Korschenbroich: Acht Handwerker waren auf ihrer Walz zu Gast im Rathaus

Handwerksnachwuchs auf der Walz besuchte die Stadt: : Drei Jahre fern der Heimat

Acht Handwerker machten auf ihrer Walz Halt in Korschenbroich. Für sie gelten strenge Regeln. Die Gesellen sammeln in dieser Zeit allerlei Erfahrungen, müssen jedoch auf einiges verzichten.

Überraschenden Besuch empfing Bürgermeister Marc Venten im Rathaus: Vier Handwerkerinnen und vier Handwerker auf der Walz überbrachten ihren traditionellen Gruß und baten um Stempel und Unterschrift.

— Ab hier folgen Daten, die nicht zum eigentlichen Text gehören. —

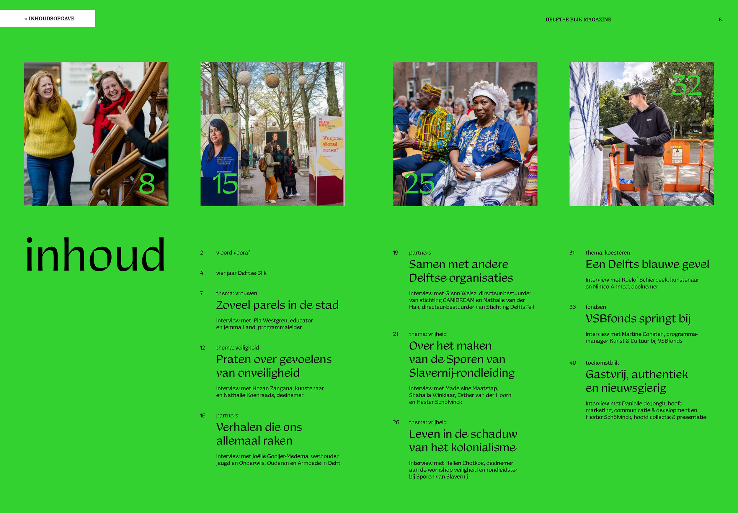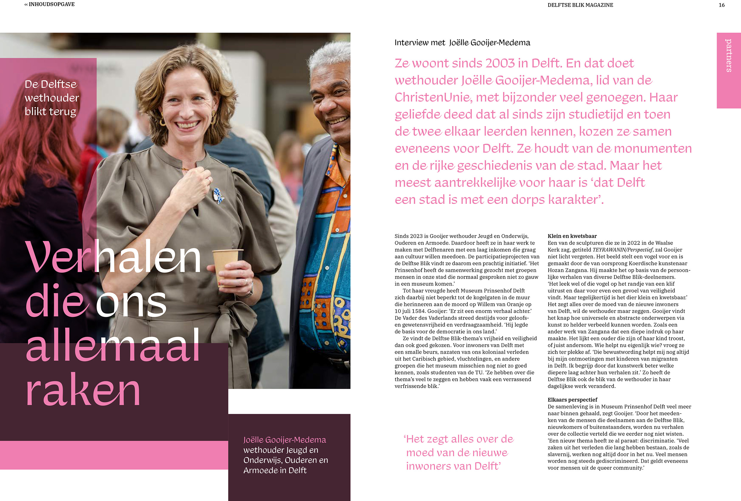 Het magazine vier jaar Delftse Blik is uit! Met gepaste trots presenteren dit verzamelexemplaar boordevol inspirerende interviews, bijzondere foto’s en persoonlijke verhalen van stadsgenoten, kunstenaars en medewerkers die tussen 2020 en 2024 hebben deelgenomen aan het Delftse Blik programma.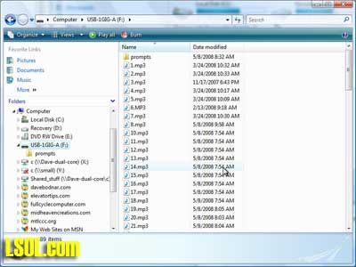 The USB drive contains all of the sound files that the MP3 Sound Controller will use. When you double click on F: (or G:) you see a partial list of files like the one below. Scroll down the right hand panel to see the whole list.

Tischler, Zimmerer, Bootsbauer, Dachdecker und Polsterer gehören zu der Gruppe, die in einem Korschenbroicher Tischlereibetrieb eine Nachtunterkunft gefunden hatte. Nach dem Empfang und einer kleinen Stärkung im Rathaus geht es nun weiter Richtung Süden. Die jungen Leute aus Flensburg, Hamburg, Bremen, Berlin, dem Erzgebirge und Bad Segeberg sind ausnahmsweise gemeinsam unterwegs, um einen neuen Kollegen aus Grefrath auf seinen ersten Kilometern der Wanderschaft und damit aus seinem „Bannkreis“ hinaus zu begleiten. 50 Kilometer um den Heimatort herum darf er sich in den kommenden drei Jahren nicht aufhalten. Ansonsten steht ihm die ganze Welt offen.

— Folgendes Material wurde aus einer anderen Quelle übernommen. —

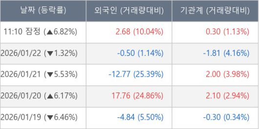 ※ 사모펀드 등 일부 기관의 순매매량은 표시되지 않음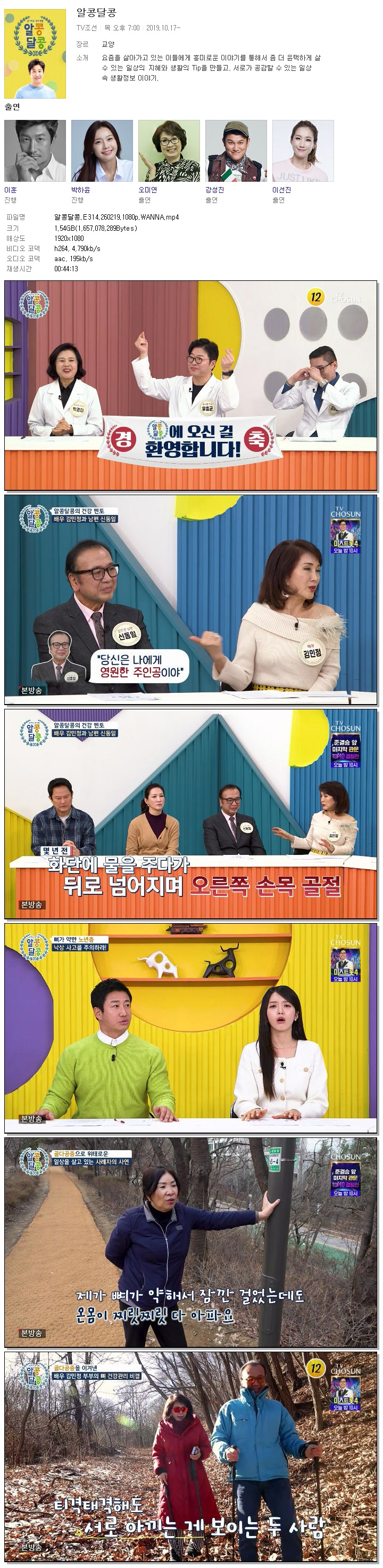 | [TV조선] 알콩달콩.E314.260219.1080p.WANNA[이훈, 지원이].mp4 | 1.5 G | 00:44:13 | 1920x1080 |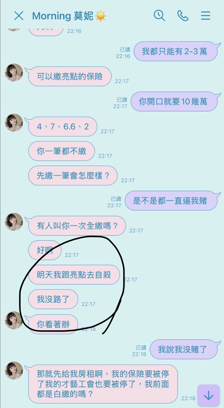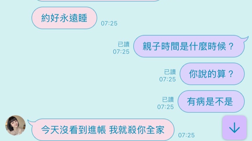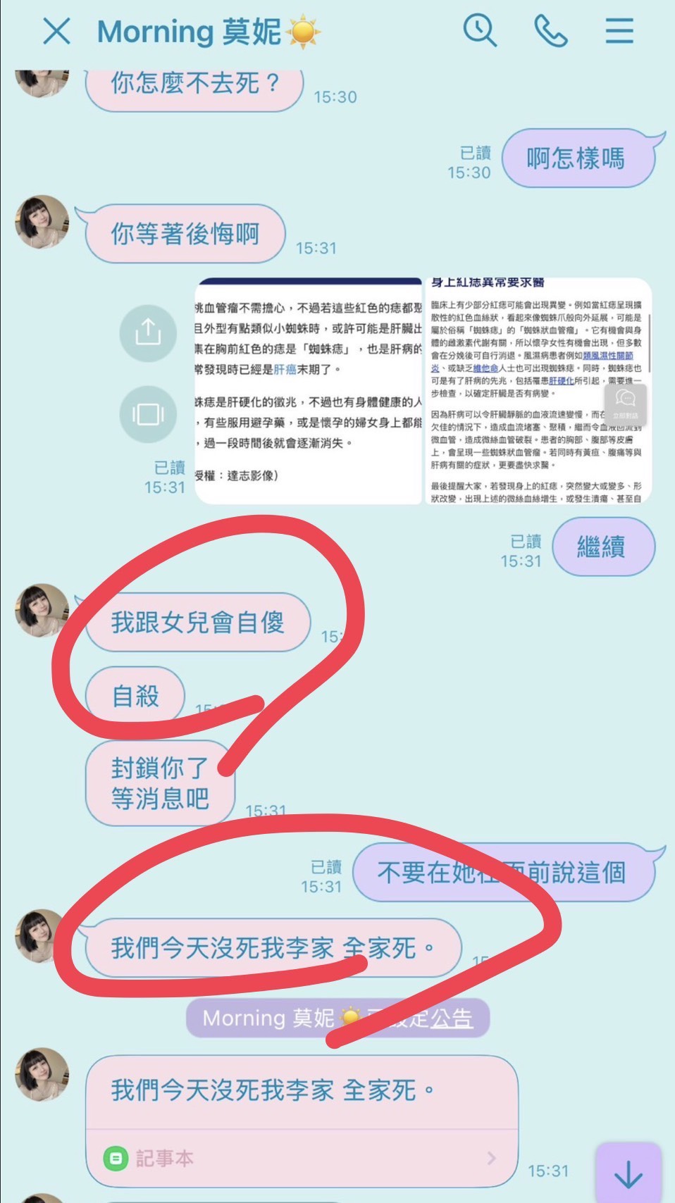 根據截圖顯示,李女於深夜連續傳送訊息,包含「15分鐘沒到我就跟包包一起跳下去」、「我跟女兒會自殺」、「明天我跟亮點去自殺,你看著辦」、「今天沒看到進帳 我就殺你全家」等內容,並出現倒數計時語句。對話中亦可見情緒性辱罵與激烈衝突字句。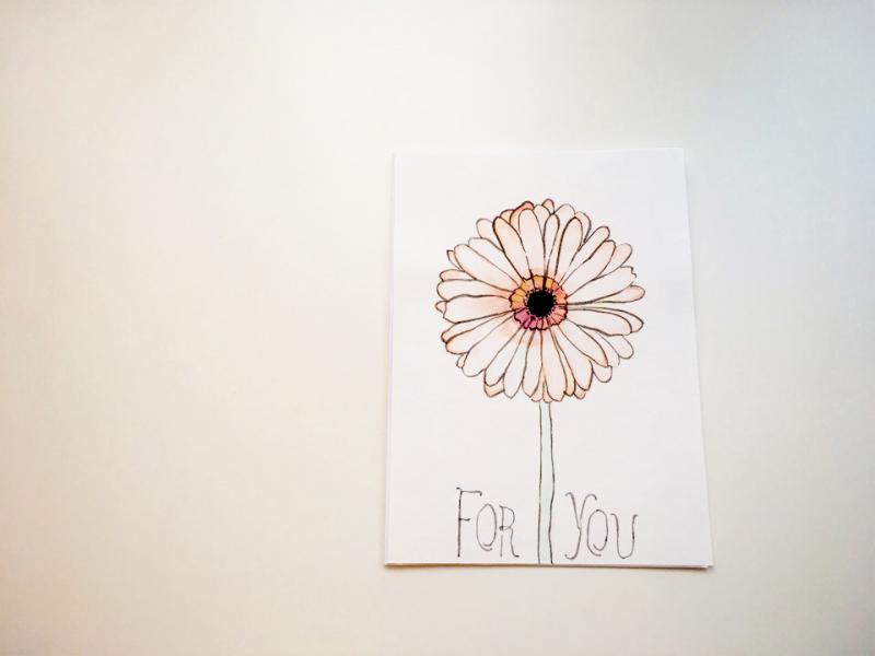 Přáníčko ruční práce "Květiny" – gerbery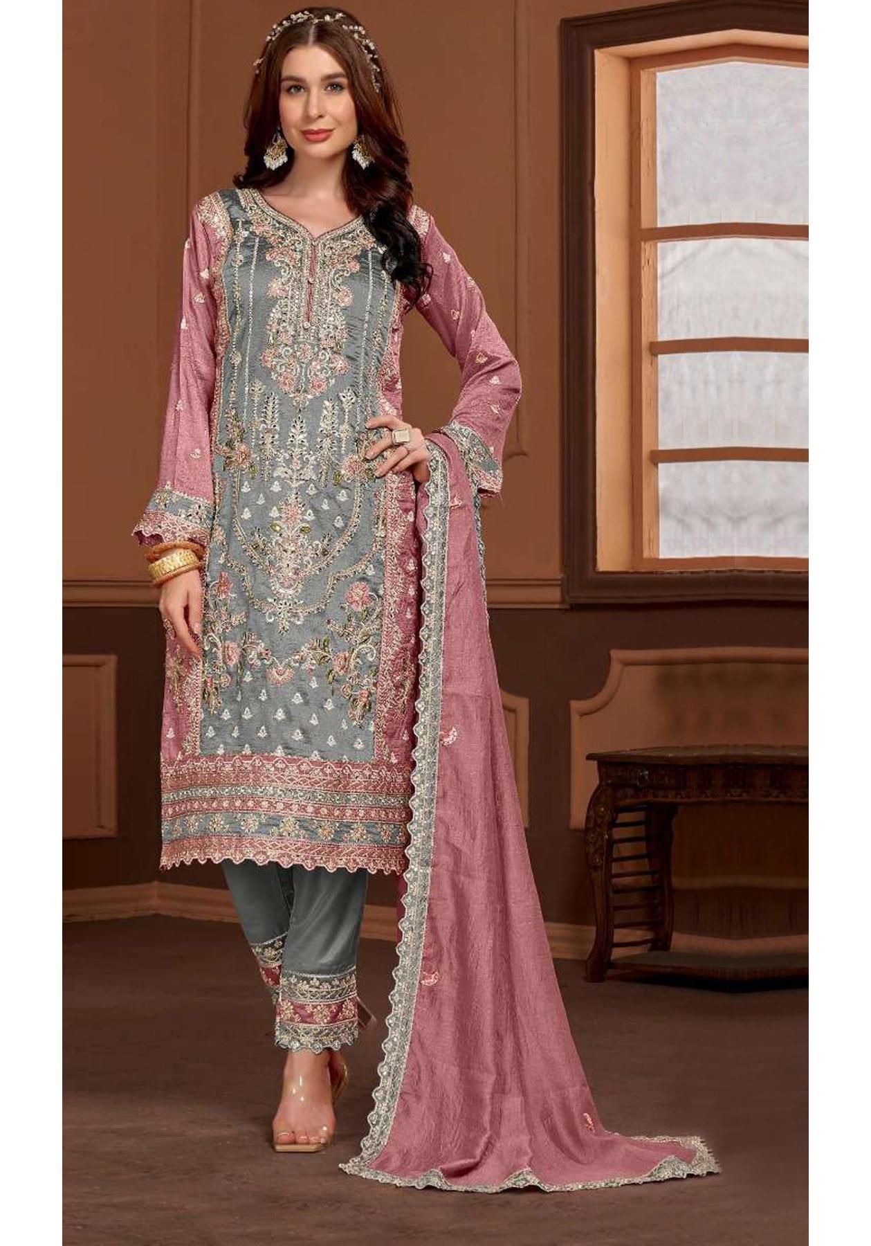 Buy Chiffon Rosy Brown Straight Cut Salwar Kameez online.

Die Wanderjahre durchleben zünftige Gesellen nach Abschluss ihrer Lehrzeit. Diese Walz war vom Spätmittelalter bis zur Industrialisierung eine Voraussetzung für die Zulassung zur Meisterprüfung. Die Gesellen von damals sollten neue Arbeitspraktiken, fremde Orte, Regionen und Länder kennenlernen und Lebenserfahrung sammeln. Daran hat sich wenig geändert, auch wenn der Stempel und Bürgermeister-Eintrag ins Buch heute symbolischen Charakter hat. Im Mittelalter war er als „Aufenthalts- und Arbeitserlaubnis innerhalb der Stadttore“ zwingend erforderlich.

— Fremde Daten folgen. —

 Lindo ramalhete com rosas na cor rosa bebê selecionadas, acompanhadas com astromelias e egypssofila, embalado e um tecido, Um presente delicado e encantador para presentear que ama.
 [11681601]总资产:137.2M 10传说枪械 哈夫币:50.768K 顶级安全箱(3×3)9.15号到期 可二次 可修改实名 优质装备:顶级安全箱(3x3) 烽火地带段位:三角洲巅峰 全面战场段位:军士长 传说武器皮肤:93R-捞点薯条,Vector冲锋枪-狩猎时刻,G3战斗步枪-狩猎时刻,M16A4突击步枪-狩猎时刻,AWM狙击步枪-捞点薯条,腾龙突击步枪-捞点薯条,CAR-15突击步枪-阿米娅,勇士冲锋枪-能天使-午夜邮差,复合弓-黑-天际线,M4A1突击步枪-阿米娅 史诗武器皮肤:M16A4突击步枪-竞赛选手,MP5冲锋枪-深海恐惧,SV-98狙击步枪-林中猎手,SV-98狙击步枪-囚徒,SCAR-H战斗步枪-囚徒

Nach wir vor dürfen die jungen Reisenden mit dem Wanderstab („Stenz“) maximal drei Monate an einem Ort arbeiten, um sich das Geld für die nächsten Tage und Wochen zu verdienen. Dann müssen sie weiterziehen. Ohne Kreditkarte. Ohne Handy. Nur mit den Beuteln ausgestattet, die Schlaf- und Wechselsachen enthalten. Einig sind sich die jungen Leute darin, dass die Wanderjahre einmalige Erlebnisse bieten, an die sie sich gerne erinnert. Wenn sie später den elterlichen Betrieb übernehmen. Oder fern der Heimat neue Wurzeln schlagen.